In Ca proteins the EF-hand (see Pidcock & Moore, 2001; Nelson & Chazin, 1998; see also http://structbio.vanderbilt.edu/cabp_database/ ) is a very dominant structural motif, with 27 examples of the coordination group DDDOE 2225 or its close relatives in this set of representative proteins, and for Zn the pattern CCCC 3 n 3 with n = 10-20 is common in zinc fingers and related proteins. Apart from these, identical coordination groups (same donors, same residue separation) do not often recur in these tables; when they do the proteins usually have related folds and functions, but even then the conformations may differ, especially in the larger chelate loops. Fig. 2 shows an example. A detailed study was made of all the recurring Ca and Zn coordination groups, their conformations, amino-acid sequences etc. and these are available in Table 3W (at http://tanna.bch.ed.ac.uk/arch/ ).

Figure 2 The coordination group Zn CCCC 3 3 8 showing its conformation in 1het_A 97 (green) and in 1e3j_A 96 (blue). The coordinating cysteines are labelled C96 in the blue chain, C97 in the green chain etc. 1het is an alcohol dehydrogenase; 1e3j is a ketose reductase. The backbone atoms of residues of the first two chelate loops, CCC 3 3, have been superposed using the program LSQKAB from the CCP4 suite (Collaborative Computational Project, Number 4, 1994); their conformations are the same, r.m.s. displacement 0.23  Å, whereas there are marked differences in the larger chelate loop, CC 8. This figure was prepared using MOLSCRIPT (Kraulis, 1991) and RASTER3D (Merritt & Murphy, 1994).

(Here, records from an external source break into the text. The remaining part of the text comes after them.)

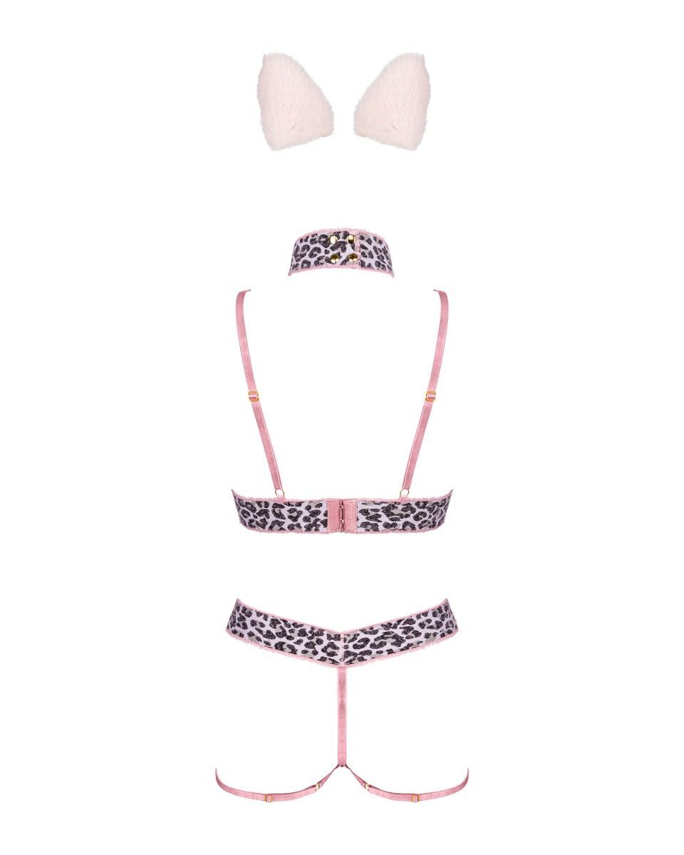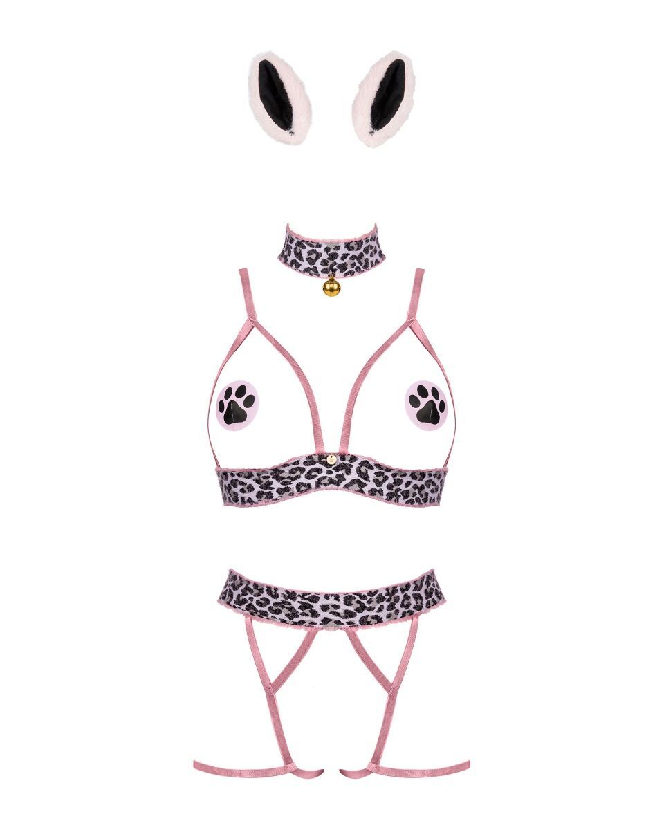 Костюм для ролевых игр Catriny из 5 предметов. Лиф с открытой грудью, пояс с характерным пятнистым рисунком. Тонкие розовые бретельки регулируются по длине, на спине застёжка-удлинитель. Трусики открытые из тонких союзок, пояс с пятнистым рисунком. Ободок с ушками на голову. Чокер с принтом, с застежкой на кнопки, с металлическим бубенцом золотистого цвета и пэстисы на соски. В комплекте: лиф, пояс, ободок, чокер, пэстисы.
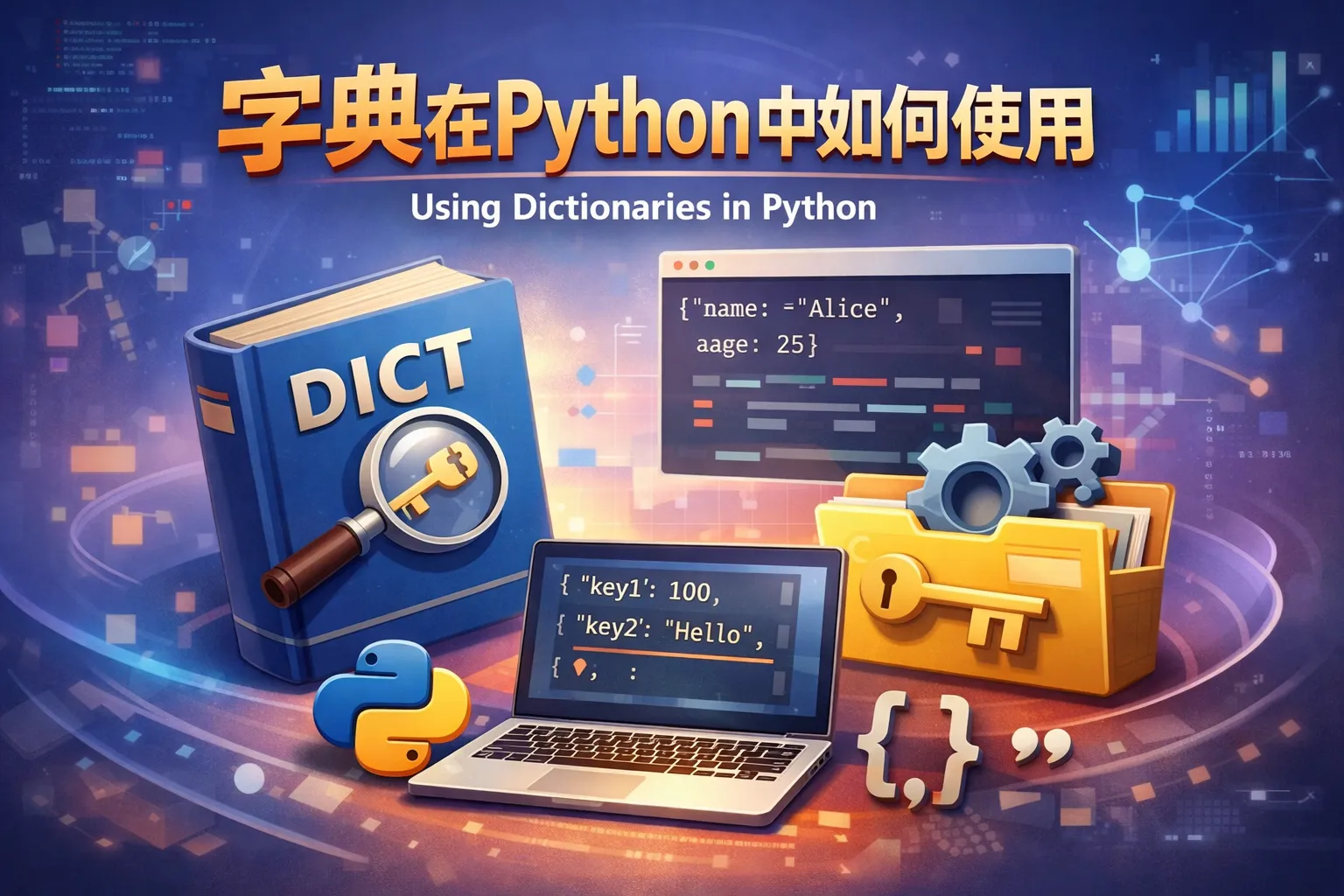Python 中的字典是一种键值对(key-value)数据结构,能够存储任意类型的可哈希对象作为键,对应的值可以是任意类型。字典使用大括号 {} 来定义,键和值之间用冒号 : 分隔,不同的项之间用逗号 , 分隔。
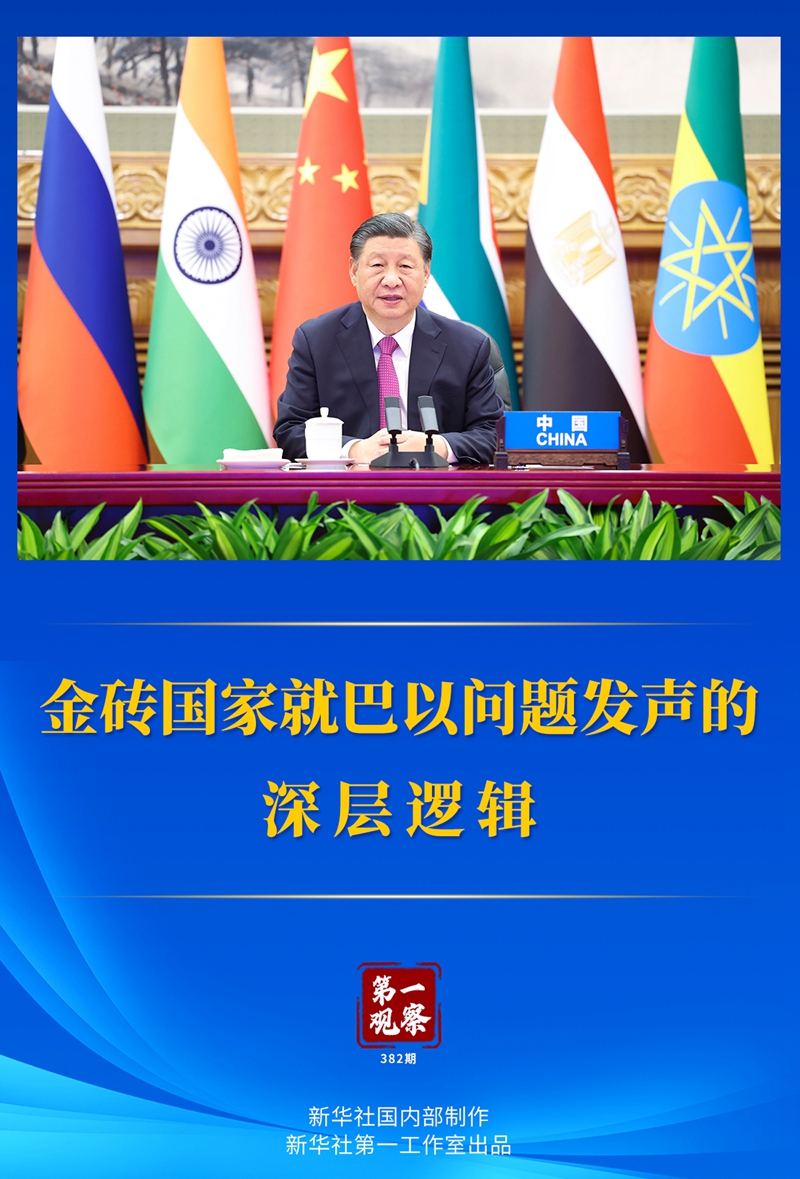 “今天,我们就巴以问题协调立场、采取行动,为扩员后的‘大金砖合作’开了个好头。”习近平主席强调。
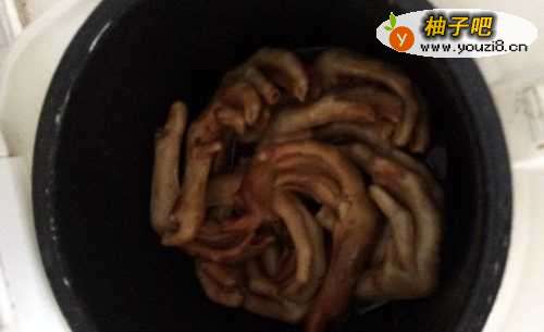 2清洗好的鸭爪放入电饭锅,浇上酱油,揉搓均匀;
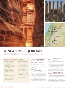 Travel the King’s Way to Madaba to see its famed mosaics including a 6th-cen- tury map of the Holy Land. Savor a home-cooked meal in a century-old home and ascend Mt. Nebo, traditional burial site of Moses. Then visit Dana,
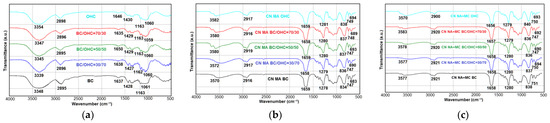 Following nitration (Figure 4b,c), the intensity of peaks corresponding to hydroxyl groups (3339–3354 cm−1, 2895–2898 cm−1) significantly decreased due to the partial substitution of hydroxyl hydrogen by the NO2 group in the CNs. As the degree of substitution increased, the nitrogen content of the CN samples (Table 2) also increased, while the intensity of hydroxyl peaks became less pronounced. This observation aligns with previous studies reported in [8,11,37,57,58]. Specifically, the CN NA + MC samples exhibited a lower hydroxyl intensity compared to the CN MA samples, consistent with their higher nitrogen content. On the other hand, the CN BC samples, regardless of the nitration method used, displayed the highest nitrogen content among the CN samples, resulting in the lowest peak intensity of the hydroxyl groups.
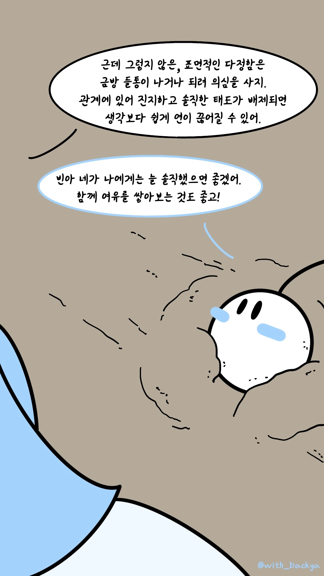 백야_빈아 네가 나에게는 늘 솔직했으면 좋겠어. 함께 여유를 쌓아보는 것도 좋고!
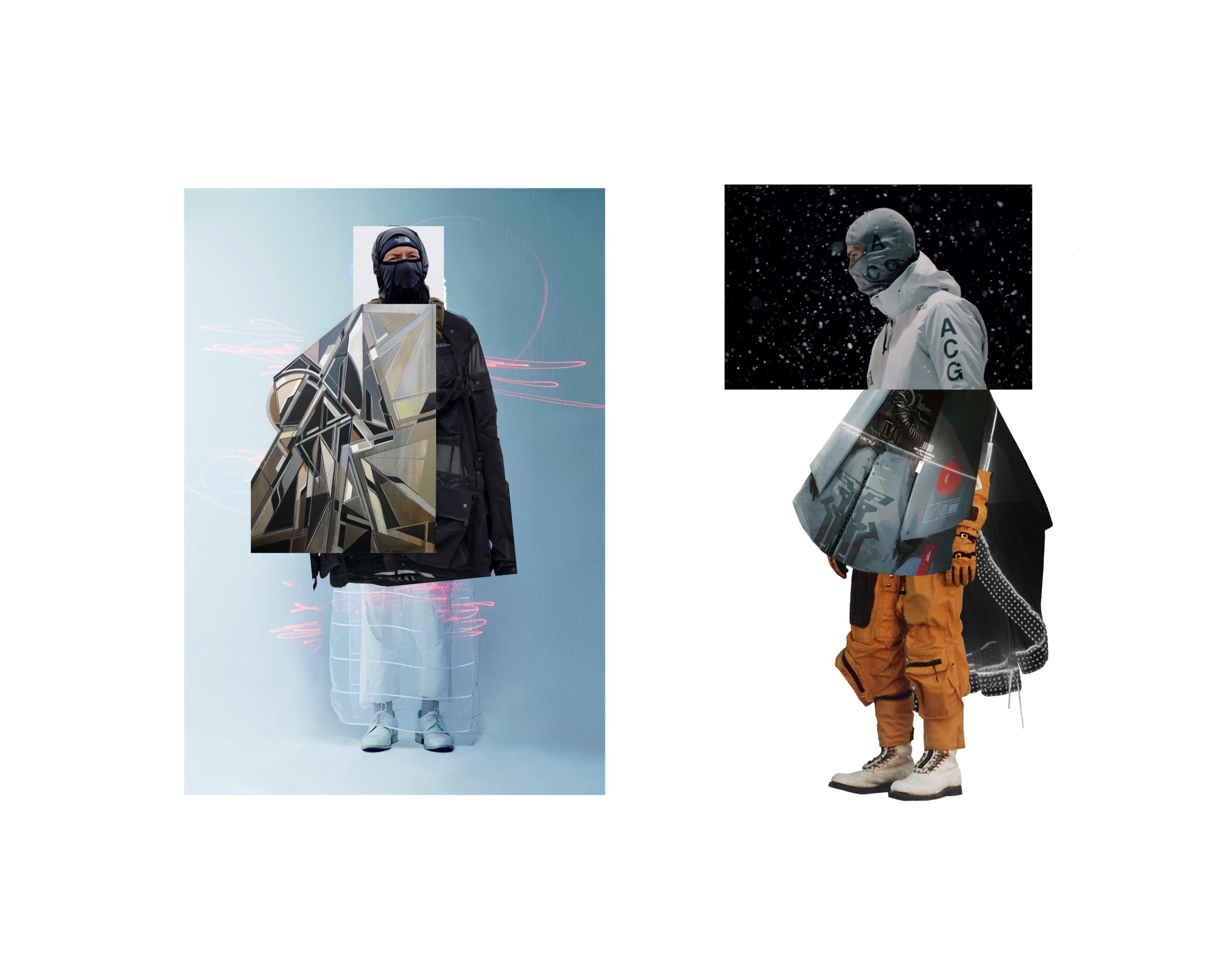 CODED is a collection that experiments with abstract pattern making and varied material selection and layering to bring together the worlds of fashion and technology to improve the essential functions of clothing. This project was inspired in part by climate change impacting the south’s hurricane season. As extreme weather patterns become more common so too will extreme weather clothing and a necessity for adaptability.
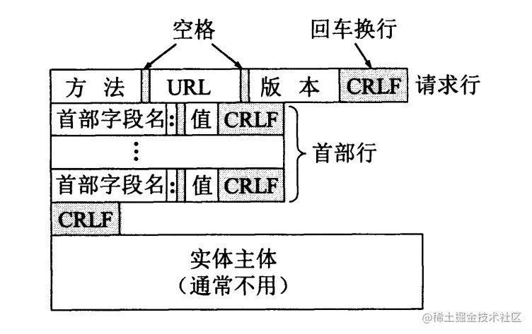 TCP 三次握手结束后确认数据传输可靠后,开始发送 HTTP 请求报文。 请求报文的结构如下图所示:
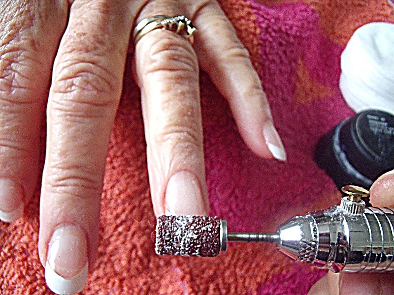 Vu qu'il ne faut retirer que ce qui est nécessaire, on va juste passer un coup de ponceuse sur le bout de la pose (là ou se trouve la frenc) pour affiner l'extrémité et creuser un sillon dans lequel nous referons une french. Gardez le plus de gel possible !!!
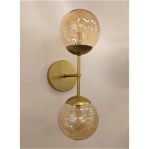 Arandela Moderna JabuticabaMateriais: Metal, VidroCor: DouradoMedidas: Largura 13cm x Altura 40cm x Profundidade 18cmGlobo de Vidro: Diâmetro 13cmLâmpadas: 2 Lâmpadas Modelo Bipino G9 Obs. Lâmpadas Não Inclusa Compatível com Lâmpadas Led Bipino G9Modelo: Sobrepor Arandela Para Uso InternoVoltagem: BivoltItens Inclusos:1 Arandela2 Globos de Vidro
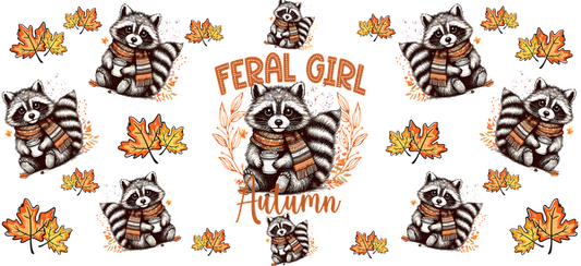 Un diseño caprichoso que presenta lindos mapaches con bufandas, rodeados de hojas de otoño y el texto "Feral Girl" en colores vibrantes. Transferencias UV.
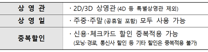 2D‧3D관을 지원하며, 발급한 날로부터 3개월이 되는 날이 속한 달의 1일까지 사용할 수 있다. 예를 들어 8월 25일 발급받으면, 11월 1일까지 사용 가능하다.
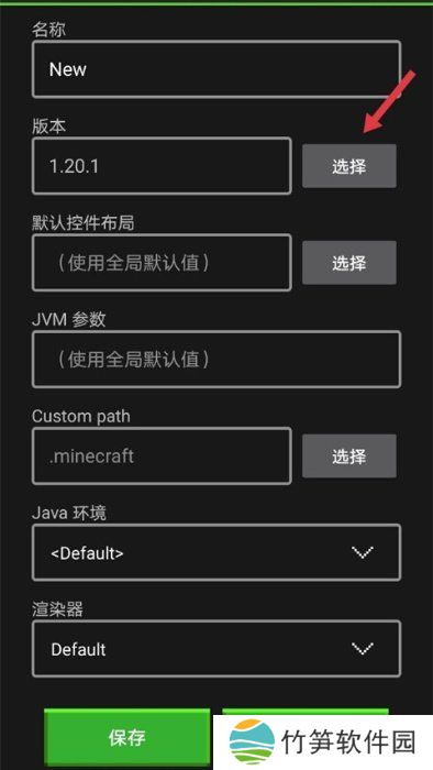 3、名称随便写,版本点选择选一个自己想玩的,其它的选项看不懂就全部默认,然后点击保存。
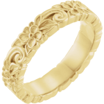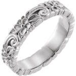 “Leilani,” meaning heavenly flower, captures the essence of this fully engraved floral design that wraps seamlessly around the entire band. Each petal and flowing detail creates a continuous pattern, giving the ring a sense of movement and softness from every angle.
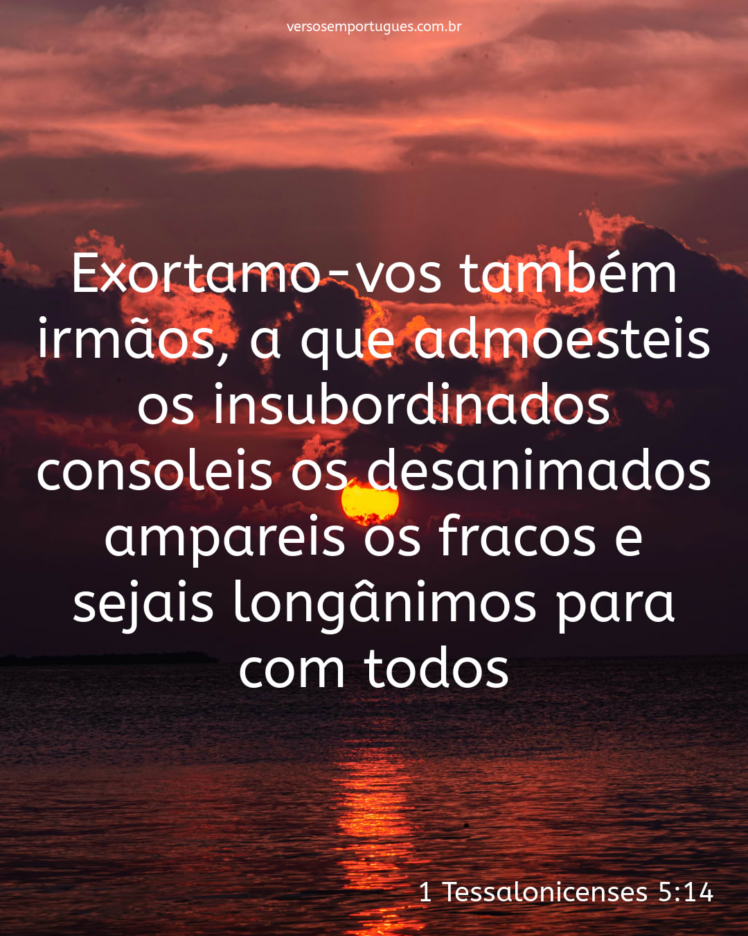 Exortamo-vos também, irmãos, a que admoesteis os insubordinados, consoleis os desanimados, ampareis os fracos e sejais longânimos para com todos.

While whole coordination groups are not often repeated here, except for the Ca EF-hands, some chelate loops that are their components occur frequently in different unrelated proteins, although other chelate loops are found only once or a few times. Small chelate loops, particularly seqdif = 2, are very common for calcium, whereas for zinc seqdif = 3 and larger loops are much more common. In coordination groups with only two protein donors these donors are rarely more than ten residues apart, which is understandable on simple stability grounds. When there are three or more protein donor groups it is common for there to be at least one large loop. Large chelate loops will usually serve the function of holding two parts of the polypeptide chain close to each other; this may be at the active site or simply to provide stability for the whole structure. It is common for long and short chelate loops to alternate in the protein-chain sequence and uncommon for a long loop to follow another long loop; a short loop following another short loop is uncommon in zinc coordination groups, but common in calcium groups.